§ **ASSIGNED TASK**
Exact copies of the lines below, from the one with "Poduszka ciążowa Jukki" up to and including the one with "11月28日,益阳市旅行社协", are what this calls for; leave out pictures.

§ **Data records**
----------------------------------------

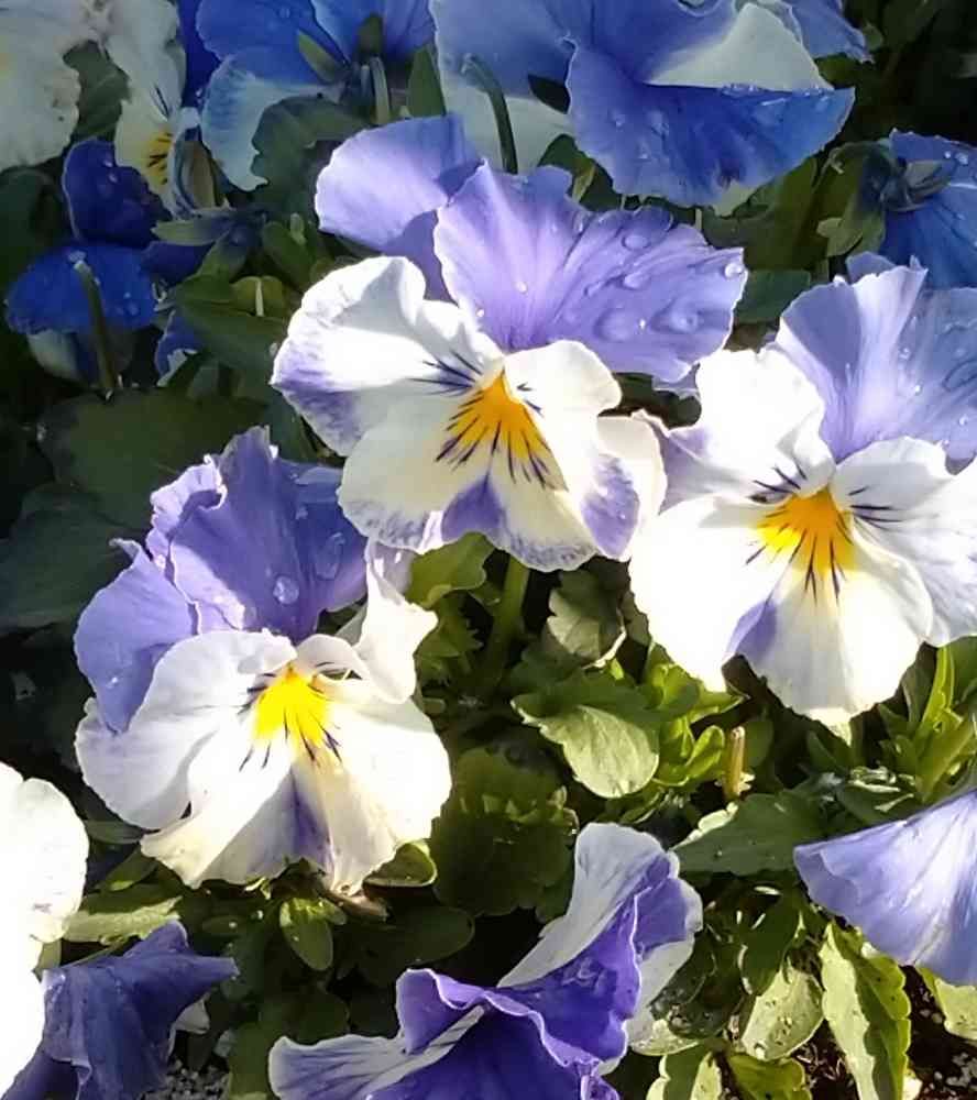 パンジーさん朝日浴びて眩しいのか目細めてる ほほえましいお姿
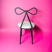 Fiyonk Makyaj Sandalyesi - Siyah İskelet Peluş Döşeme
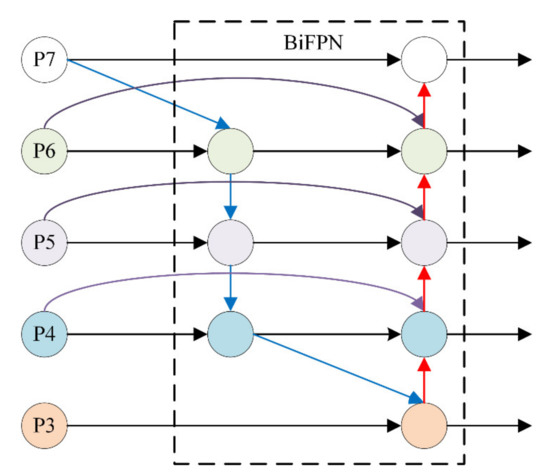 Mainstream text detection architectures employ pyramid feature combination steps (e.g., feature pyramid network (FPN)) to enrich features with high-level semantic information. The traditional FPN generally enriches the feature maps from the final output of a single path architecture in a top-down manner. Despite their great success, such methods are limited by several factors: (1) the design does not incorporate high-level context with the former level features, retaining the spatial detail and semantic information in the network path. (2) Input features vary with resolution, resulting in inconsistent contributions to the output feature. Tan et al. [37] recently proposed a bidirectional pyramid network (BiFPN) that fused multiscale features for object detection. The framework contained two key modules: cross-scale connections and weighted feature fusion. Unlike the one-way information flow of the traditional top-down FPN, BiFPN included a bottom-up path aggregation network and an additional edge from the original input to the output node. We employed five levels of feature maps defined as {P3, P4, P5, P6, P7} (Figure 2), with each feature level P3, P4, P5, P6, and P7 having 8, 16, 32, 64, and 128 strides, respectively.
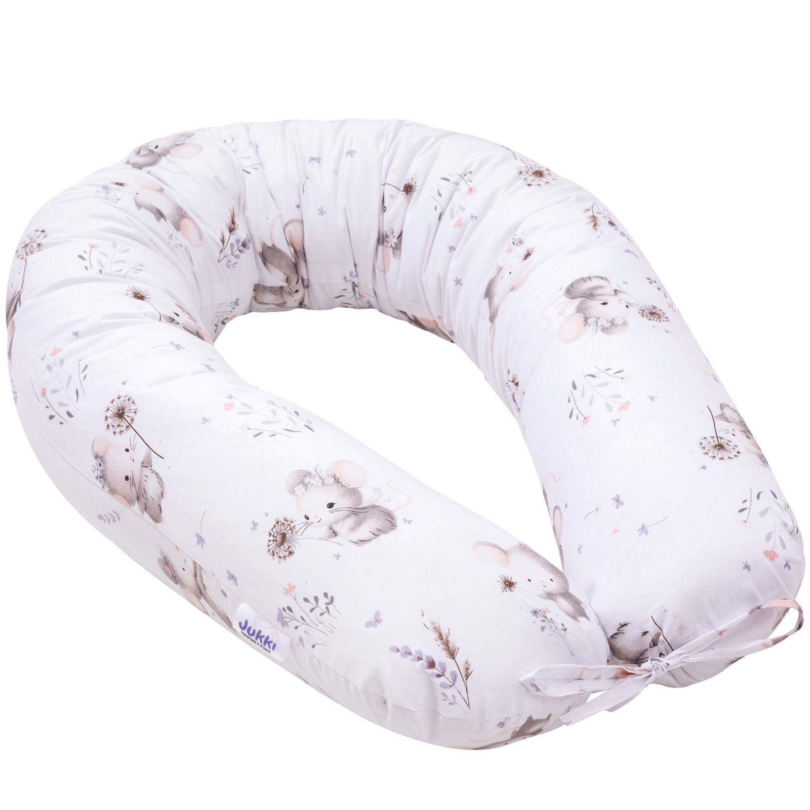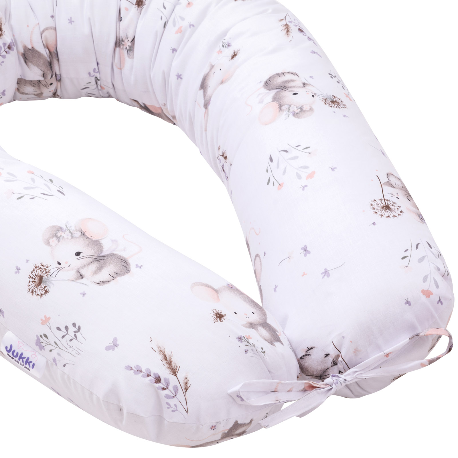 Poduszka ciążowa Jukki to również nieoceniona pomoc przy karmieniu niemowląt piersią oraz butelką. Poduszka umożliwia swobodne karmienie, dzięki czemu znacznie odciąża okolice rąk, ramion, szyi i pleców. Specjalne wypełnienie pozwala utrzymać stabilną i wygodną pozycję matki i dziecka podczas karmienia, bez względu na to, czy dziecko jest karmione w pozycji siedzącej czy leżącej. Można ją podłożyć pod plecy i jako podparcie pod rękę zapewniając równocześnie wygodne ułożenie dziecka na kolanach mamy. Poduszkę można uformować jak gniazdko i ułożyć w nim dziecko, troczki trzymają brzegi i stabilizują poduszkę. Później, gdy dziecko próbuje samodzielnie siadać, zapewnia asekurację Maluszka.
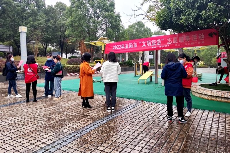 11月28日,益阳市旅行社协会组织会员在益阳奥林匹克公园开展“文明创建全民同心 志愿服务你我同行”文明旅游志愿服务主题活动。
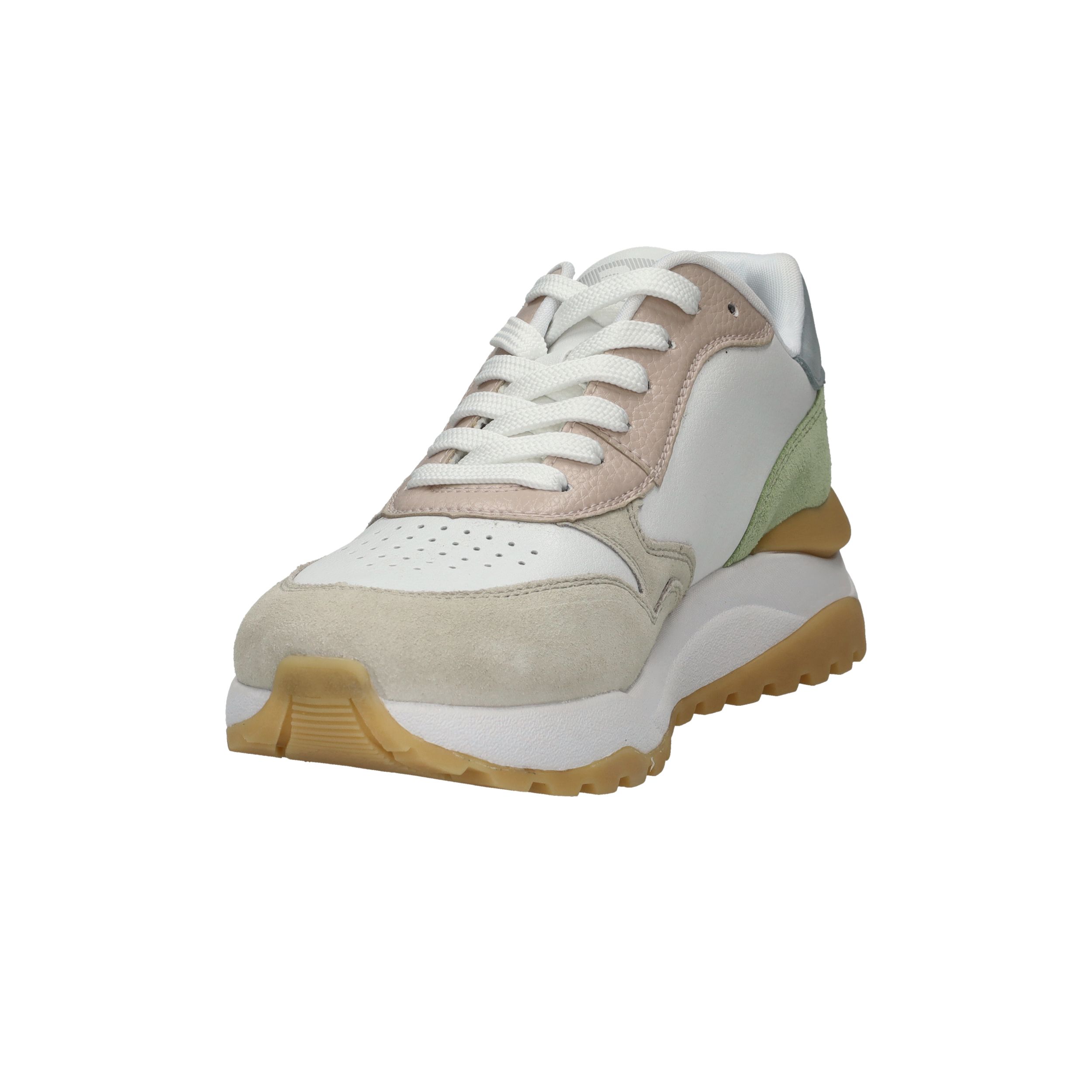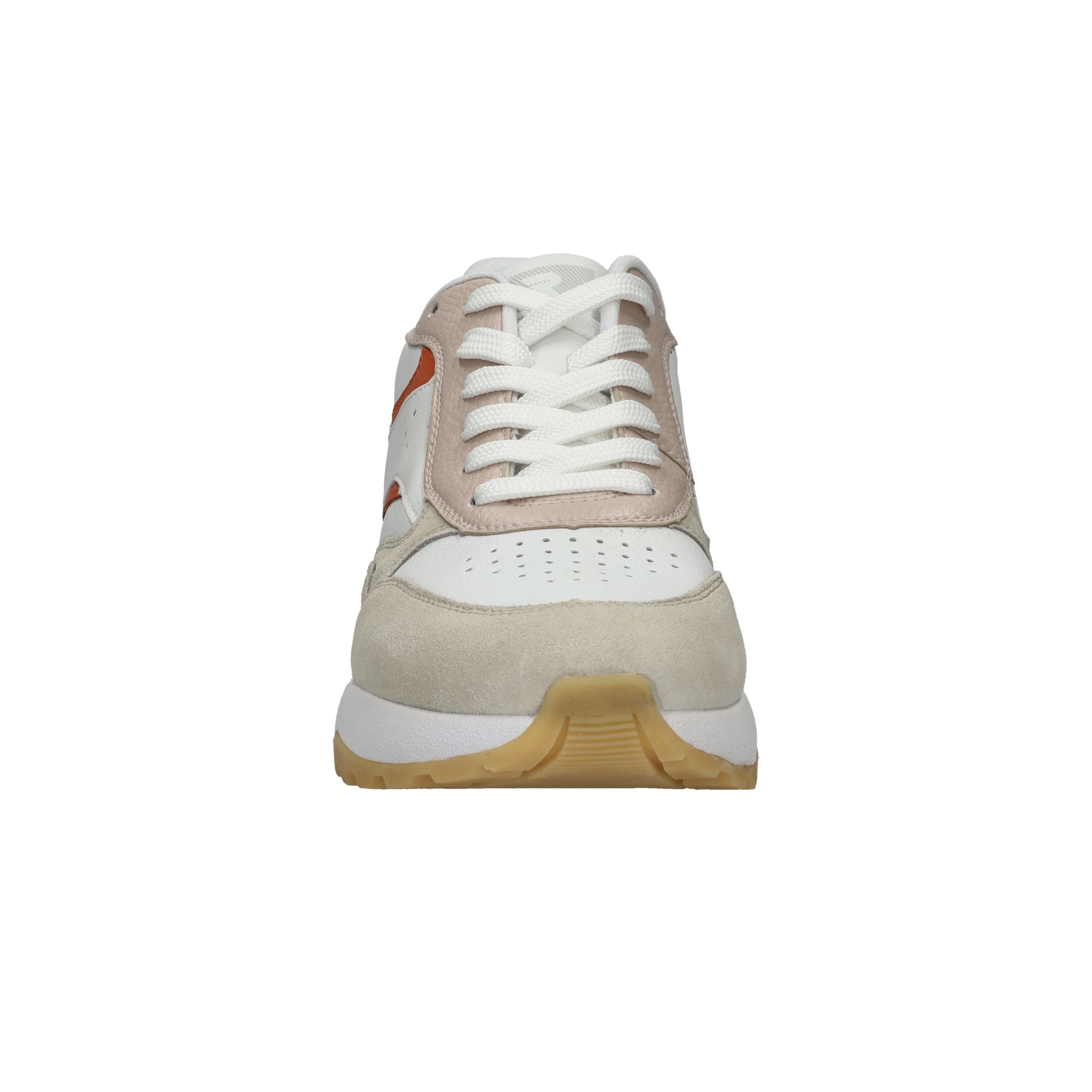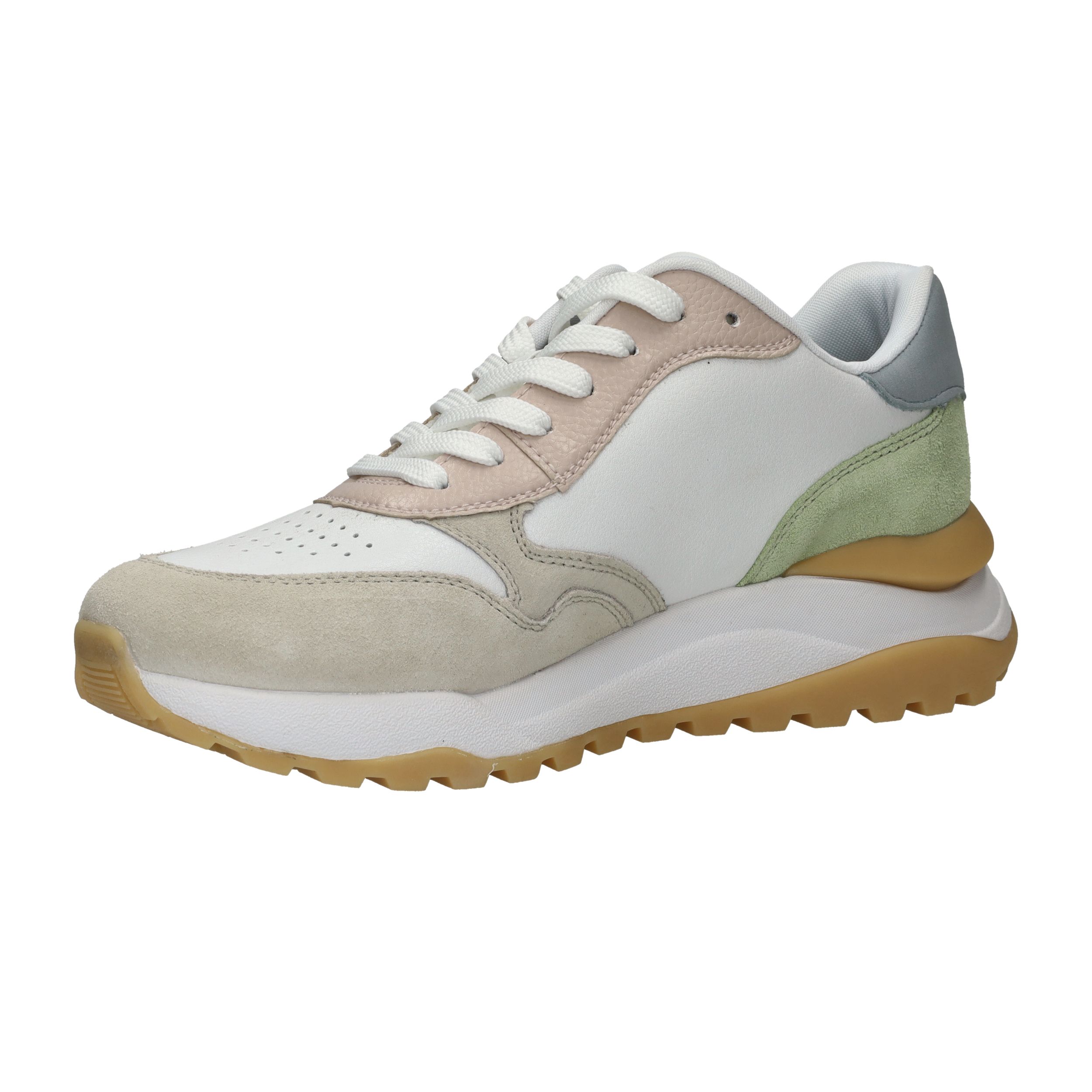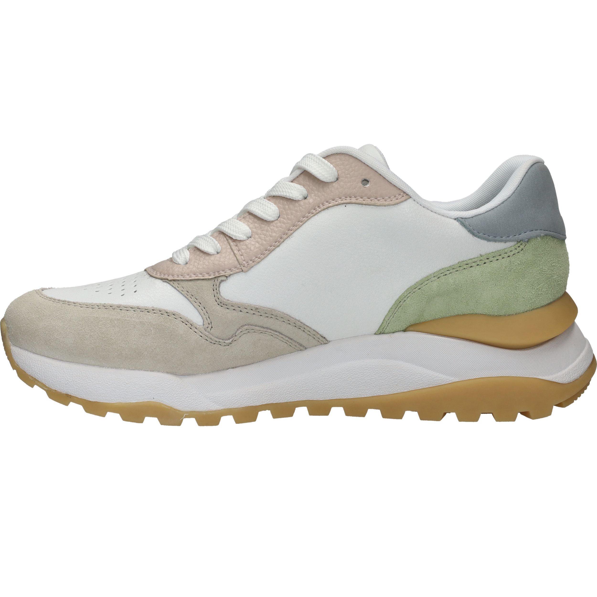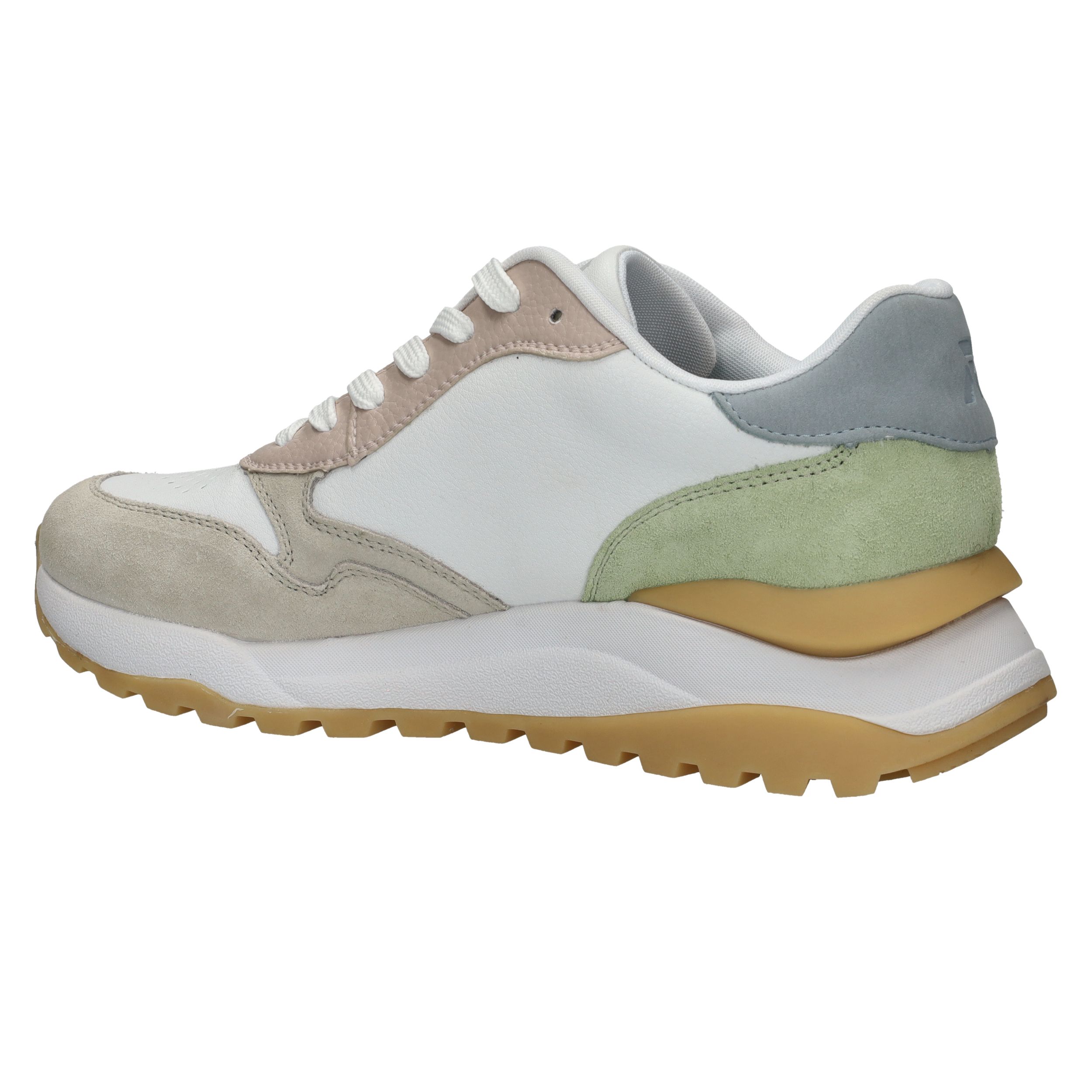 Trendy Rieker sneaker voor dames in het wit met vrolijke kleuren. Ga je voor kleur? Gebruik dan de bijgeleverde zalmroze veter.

----------------------------------------

§ **COMPLETED TASK**
 Poduszka ciążowa Jukki to również nieoceniona pomoc przy karmieniu niemowląt piersią oraz butelką. Poduszka umożliwia swobodne karmienie, dzięki czemu znacznie odciąża okolice rąk, ramion, szyi i pleców. Specjalne wypełnienie pozwala utrzymać stabilną i wygodną pozycję matki i dziecka podczas karmienia, bez względu na to, czy dziecko jest karmione w pozycji siedzącej czy leżącej. Można ją podłożyć pod plecy i jako podparcie pod rękę zapewniając równocześnie wygodne ułożenie dziecka na kolanach mamy. Poduszkę można uformować jak gniazdko i ułożyć w nim dziecko, troczki trzymają brzegi i stabilizują poduszkę. Później, gdy dziecko próbuje samodzielnie siadać, zapewnia asekurację Maluszka.
 11月28日,益阳市旅行社协会组织会员在益阳奥林匹克公园开展“文明创建全民同心 志愿服务你我同行”文明旅游志愿服务主题活动。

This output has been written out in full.